里見:そこはゆるく考えましょう。『ウテナ』の百合は、SFでいうとグレッグ・イーガンのようなものですよ。
溝口:『けいおん!』の百合はケン・リュウのようなものですね。
  ――イベント採録:SF雑談4 世界の合言葉は百合
    堺三保/里見哲郎/宮澤伊織/梅澤佳奈子(コミック百合姫編集長)/溝口力丸(本誌編集部)

 376頁の標準サイズ。

 特集は二つ。メインは「『三体』と中国SF」。次いで「『ガールズ&パンツァー』と戦車SFⅡ」。

 小説は13本。まず特集「『三体』と中国SF」として4本、王晋康「天図」上原かおり訳,何夕「たゆたう生」及川茜訳,趙海虹「南島の星空」立原透耶訳,宝樹「だれもがチャールズを愛していた」稲村文吾訳。次いで特集「『ガールズ&パンツァー』と戦車SFⅡ」でティモシー・J・ゴーン「子連れ戦車」酒井昭伸訳。

 連載は4本。椎名誠のニュートラル・コーナー「景気のいいチビ惑星の安売り火山」,冲方丁「マルドィック・アノニマス」第26回,藤井太洋「マン・カインド」第9回,夢枕獏「小角の城」第54回。

 読み切り&不定期掲載は4本。

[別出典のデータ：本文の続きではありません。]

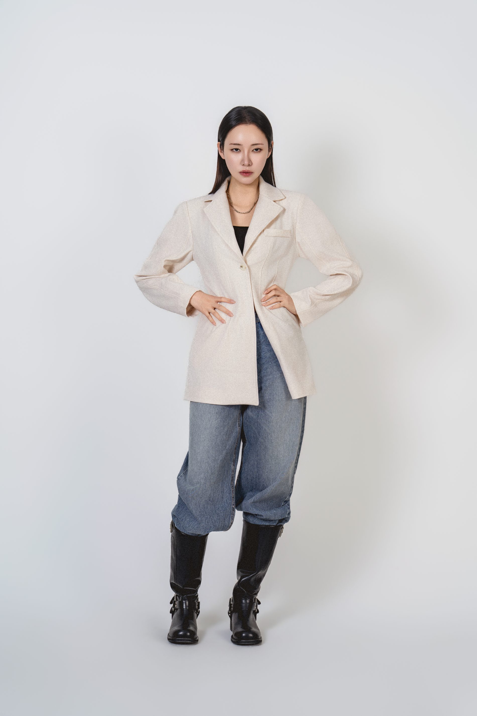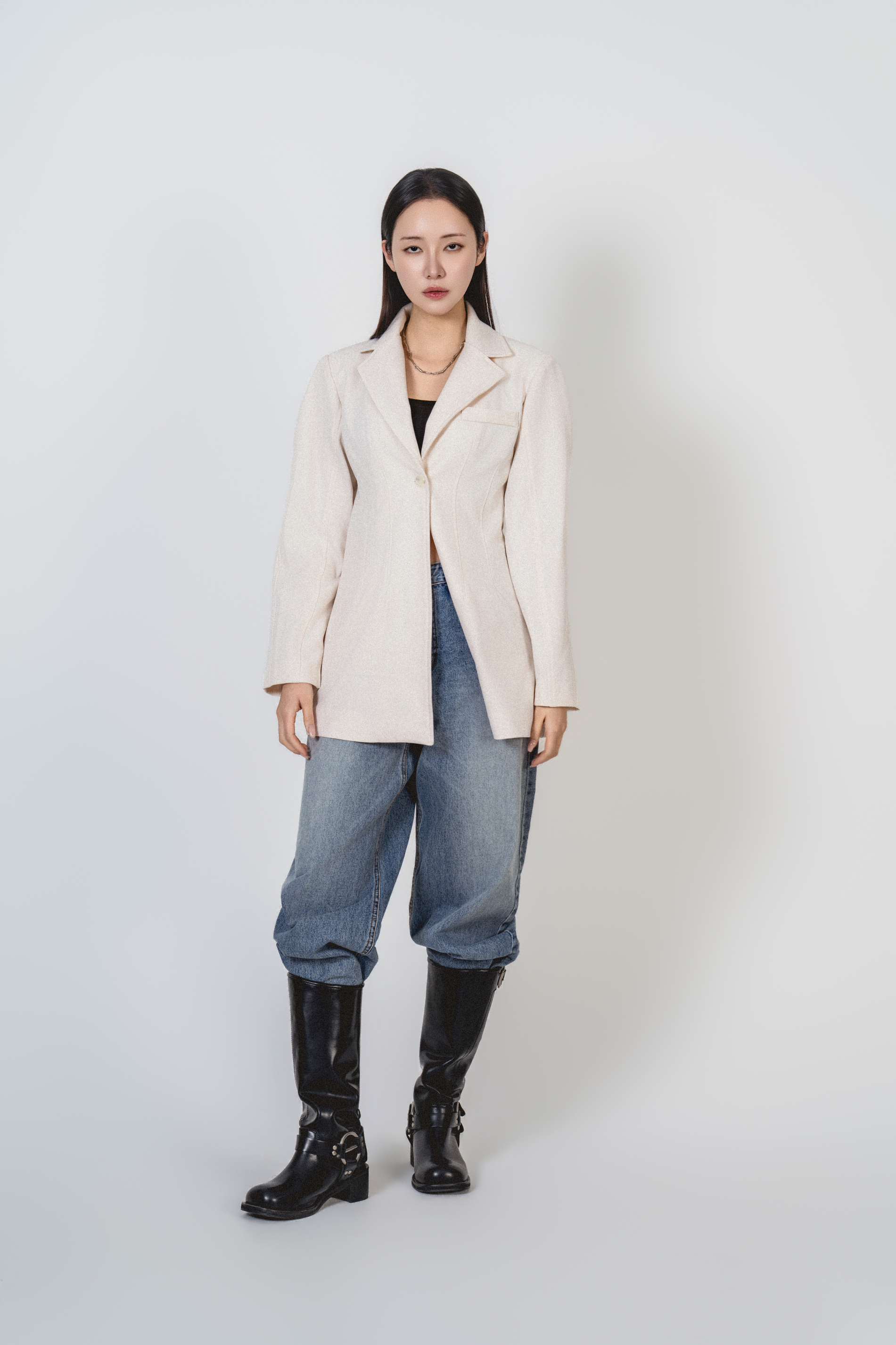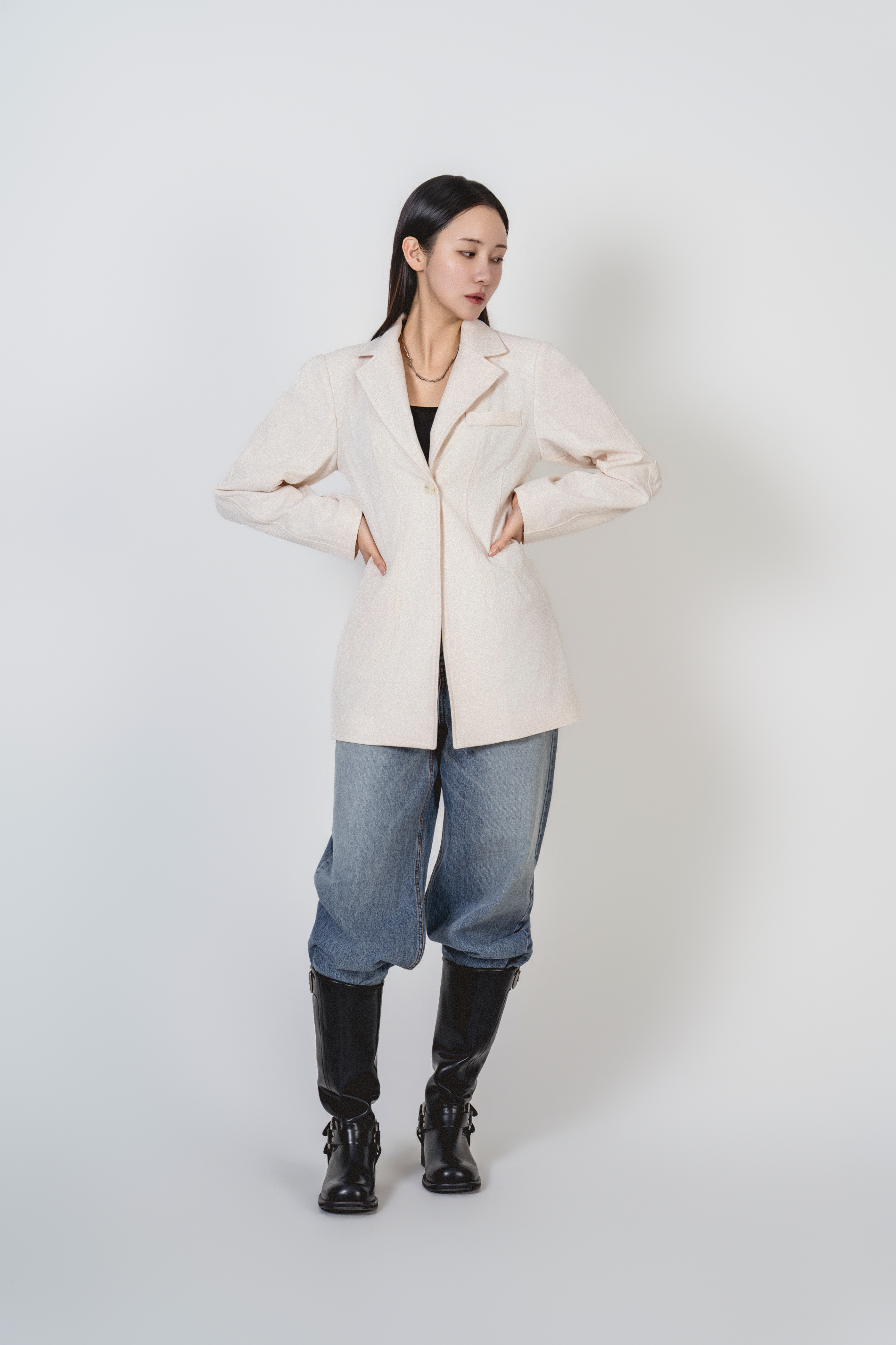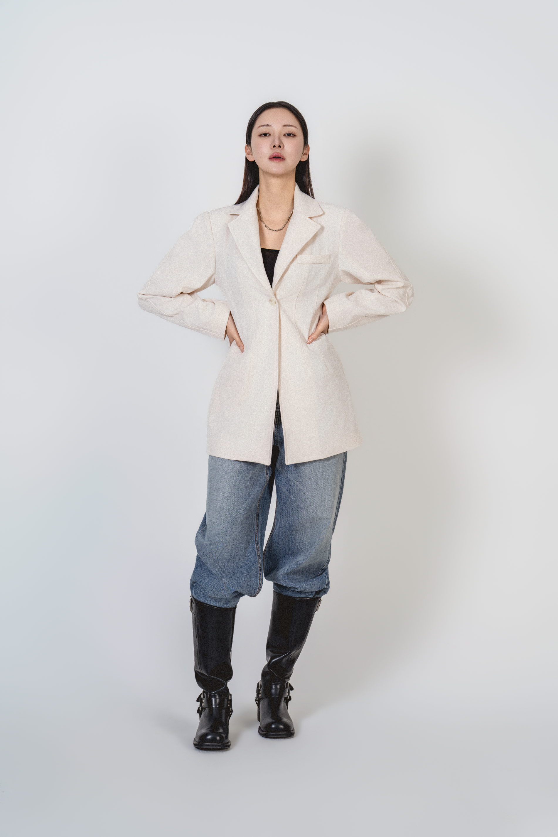 • 미니멀한 원버튼 클로징으로 앞판이 깔끔하게 떨어지고, 이너를 가리지 않게 중심을 잡아줍니다.

菅浩江「博物館惑星2・ルーキー 第8話 にせもの」,上遠野浩平「変身人間は裏切らない」,草上仁「エアーマン」,小川一水「ツインスター・サイクロン・ランナウェイ」冒頭。

 まず特集「『三体』と中国SF」。

 王晋康「天図」上原かおり訳。重度の自閉症である16歳の少年、張元一が心血を注いで描いたという「天図」。何かはわからないが、科学に関係しているかもしれない。いくつかの分野の数十人の科学者に問い合わせたが、返事が来たのは沈世傲のみ。若いながらも高い評価を得た科学者で、囲碁の愛好者だ。時間をかけて調べてみたいと言う。

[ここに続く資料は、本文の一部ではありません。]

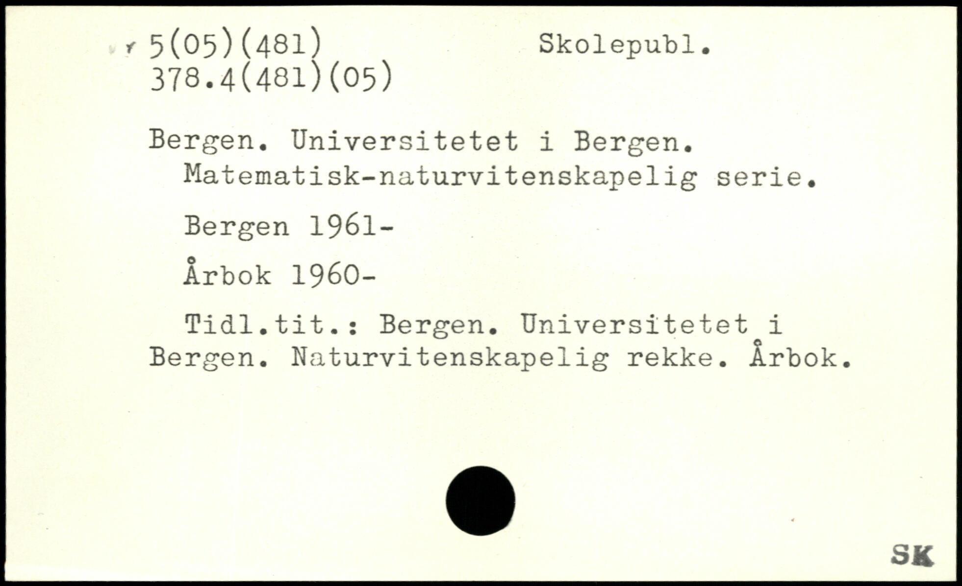 Bergen. Universitetet i Bergen. Matematisk-naturvitenskapelig serie.
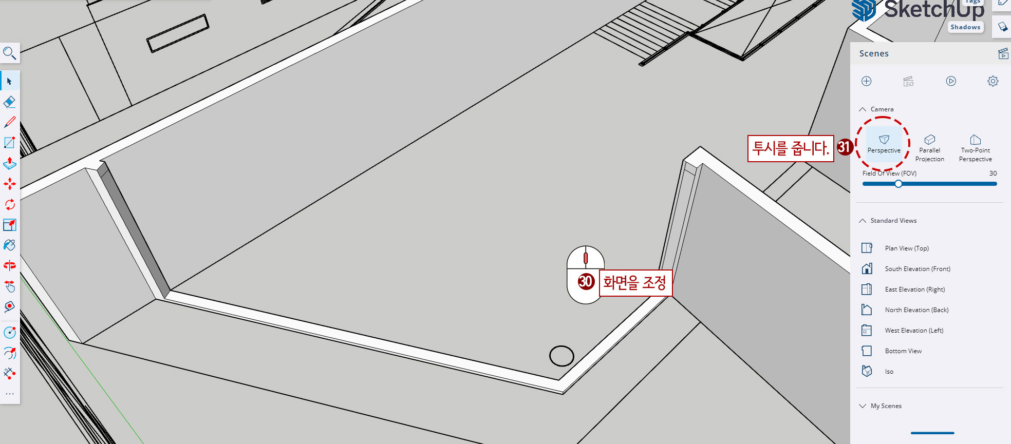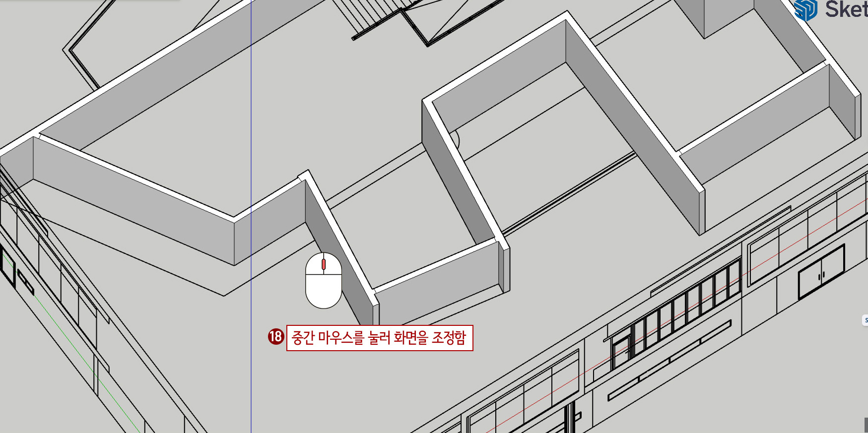18. 아래 그림처럼 화면을 조정해 준다. (벽체를 깎는 작업을 위해 입체로 볼 수 있도록 합니다.)
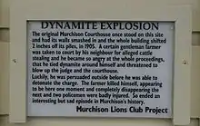The world's earliest non-military suicide attack is believed to have occurred in Murchison on 14 July 1905. A long-standing dispute between two farmers resulted in a court case, and the defendant (Joseph Sewell) had sticks of gelignite strapped to his body. When Sewell excitedly shouted during the court sitting, "I'll blow the devil to hell, and I have enough dynamite to do just that", he was ushered out of the building. Sewell detonated the charge when a police officer tried to arrest him on the street, and his body was blown to pieces; no one else died from the explosion.[5][6]
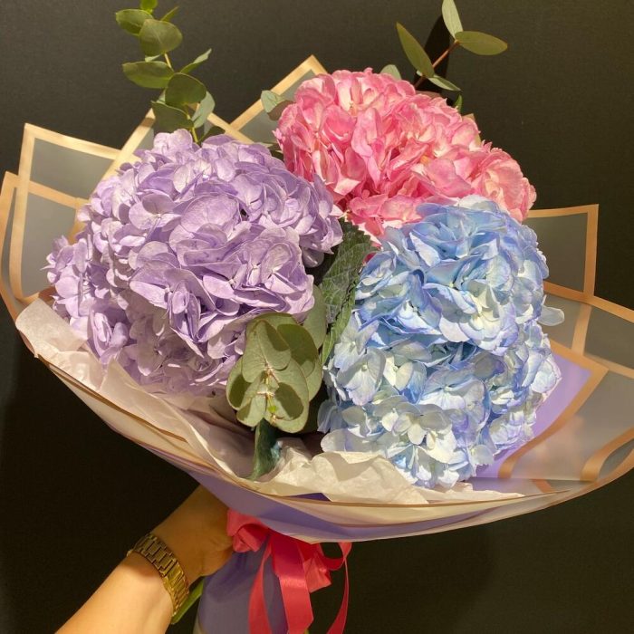 Гортензия – 3 шт. Эвкалипт – 4 шт. Лента атласная – 3 шт. Тишью – 2 шт. Слюда упаковка – 2 шт. салфетка декоративная – 4 шт.
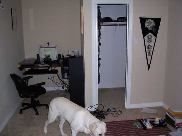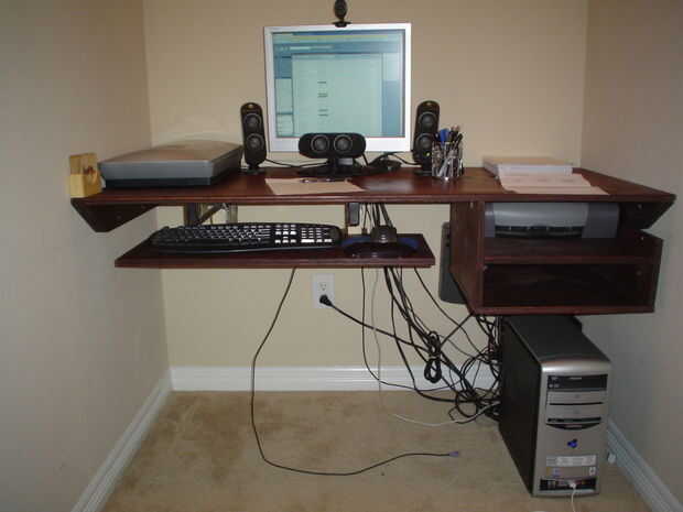 en este Instructable, te voy a mostrar cómo hice mi nuevo escritorio de la computadora con un área del armario con una bandeja desmontable teclado extraíble flotante y área oculta de la impresora; y es todo muy, muy robusto (ignorar la falta de gestión de cables). Lo que anteriormente había había hecho un trabajo bastante decente, pero sólo no maximiza el espacio que tenía donde guardo mi computadora en mi nuevo lugar. Envié la vieja unidad abajo y esto es lo que se produjo. Tenía la idea que no necesita, ni desea incluso, piernas (en el escritorio, no mi cuerpo). No hay para las piernas porque es este escritorio en un rincón. Así es realmente el golpeador aquí... Si no tienes un rincón donde se desea que su ordenador, entonces me temo que este escritorio no es para ti. Usted tendría que construir un armario de pared en un lateral f la habitación, o tener suerte como yo. Hay ciertamente mejores alternativas en este sitio. Como un montón de Instructables, este es servir a un propósito muy específico. Pero siempre, alguna idea de esto desea y ellos hacen en su propia estructura (especialmente el cajón extraíble de teclado). Mamá me enseñó a compartir.

 中国だと AlphaGo は阿法狗になるのか、なんて変なことに感心しつつ。そんなAIの進歩に棋士たちが抱える想いを足掛かりに、優れた才能を持ちつつも重い障害を抱える少年と、少年に細やかな愛情を注ぐ祖父の姿を描いてゆく。主人公らの動きは日本だと公私混同とも言われかねないが、こういう軽快なフットワークが中国の躍進を支えているのかも、などと思ったり。

 何夕「たゆたう生」及川茜訳。現在、灰灰は負のエントロピーを有する正の世界にいる。エネルギーの身体は、光の速度で動ける。鶯鶯の父・敖敖は、二百年にわたり実験を続けた末に鶯鶯を目覚めさせ、鶯鶯の身体を物質から解放した。今、鶯鶯は負の世界にいる。こちらのプランク定数は負の値だ。

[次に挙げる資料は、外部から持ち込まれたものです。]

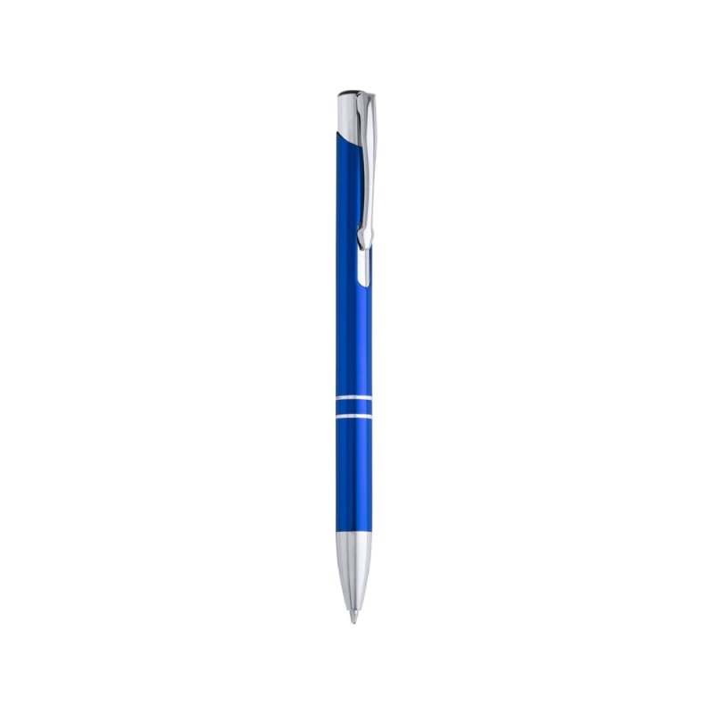 Шариковая ручка с алюминиевым корпусом и кнопкой с анодированным покрытием. Синие чернила
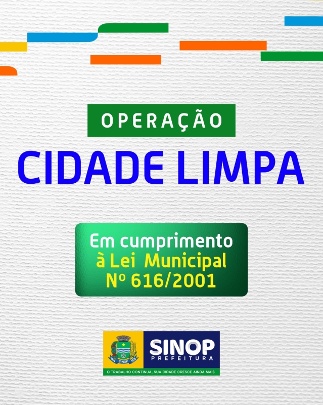 As ações são pautadas e amparadas pela Lei nº 616, de 11 de janeiro de 2001, que dispõe sobre o ordenamento da publicidade no espaço urbano de Sinop, com o objetivo de contribuir para a preservação e melhoria da paisagem urbana, respeitando o interesse coletivo e as necessidades sociais de conforto ambiental.
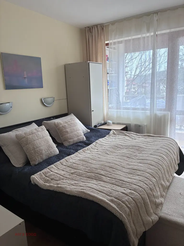 Даваме под НАЕМ собствен апартамент . гр Банско, комплекс 'Pine Trees', близо до ски писта , наем минимално е 14 дн., обзаведен, ТВ, Wi-Fi, 1 спалня, Кухненски блок, хладилник, ел.уреди,растегателен диван. пералня, балкон . Максимално брой на гости 3-4 ч.Идеално е за семество с 1-2 дете. Без домашни любимци. В това място за настаняване не могат да се провеждат момински или ергенски партита и други подобни празненства.Доп. плащане за електричество 8 евро/ден. При дългосрочен престой ще коментираме цена за престой и ток!!!!

 エントロピーだのプランク定数だのと使われている言葉はグレッグ・イーガンっぽいが、そこに描くビジョンはむしろバリトン・J・ベイリーのような気がする。つまりクレイジーながらも壮大なのだ。負のプランク定数なんて発想からして、やたらクラクラしてくる。終盤に出てくるブラウンワームも「そのブラウンかい!」と見事にしてやられた。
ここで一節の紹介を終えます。